We train you to apply anthropological knowledge to solve problems and improve people's lives. The coursework is grouped to provide an understanding of human social and cultural complexity and the relationships of humans to one another.

Anthropology Minor Highlights

All faculty members have applied anthropologists, united by our flexible intellectual and practical approaches. We challenge epistemological boundaries by using mixed methods, relying on interdisciplinary or multifaceted approaches.
Two members of the UNT anthropology department are also on the steering committee of the Consortium of Practicing and Applied Anthropology Programs (COPAA).
The PADAWAN Society partners undergraduate majors with graduate mentors; the First Year Besties Initiative matches first-generation college students with ongoing anthropology majors to help them navigate UNT.

Anthropology Minor Courses You Could Take

Introduction to Anthropology (3 hrs)
Surveys and explains the cultural, linguistic and biological legacy of humankind, from antiquity to the present, using the research tools of anthropology. Anthropology is both a scientific and humanistic endeavor that attempts to explain the differences and similarities between and among human groups.
Anthropological Field Methods (3 hrs)
Concentrates on the field methods of anthropology, in particular the various data gathering techniques, methods of analysis and field techniques of participant observation.
World Cultures Through Film (3 hrs)
Through the use of ethnographic and documentary film, as well as lecture/discussion, this web-based course illustrates the life ways, values and beliefs of human societies throughout the world. This survey includes examples from native North America, Latin America, Australia, Southeast Asia, Africa, East Asia, Melanesia, Polynesia, modern North America and Europe.
Gender in Cross-Cultural Perspective (3 hrs)
The construction of both masculinity and femininity in cross-cultural contexts.
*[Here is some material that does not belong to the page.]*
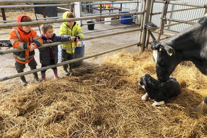 Tadhg, Fiadh and Paidí checking on their first calf of 2026 in Ballyheigue, Co Kerry. \ Deirdre Lawlor

Also central are the issues and debates important within the last three decades of feminist anthropology that speak to the questions posed by widespread gender asymmetry and yet the abundant cultural diversity in the expression of gender ideology, roles and relations worldwide.
Inequality, Social Justice and the City (3 hrs)
Historical and ethnographic examination of urban society and how people-centered movements might regain “rights to the city”. Focuses on local examples of urban social justice causes.
Culture and Society (3 hrs)
Cultural anthropology is the social science that tries to make sense out of people’s lifestyles around the world, encompassing many subjects such as law, religion, politics, health, language, economics and globalization. It involves analyzing human ways of life with holistic, comparative, global, and relativistic perspective.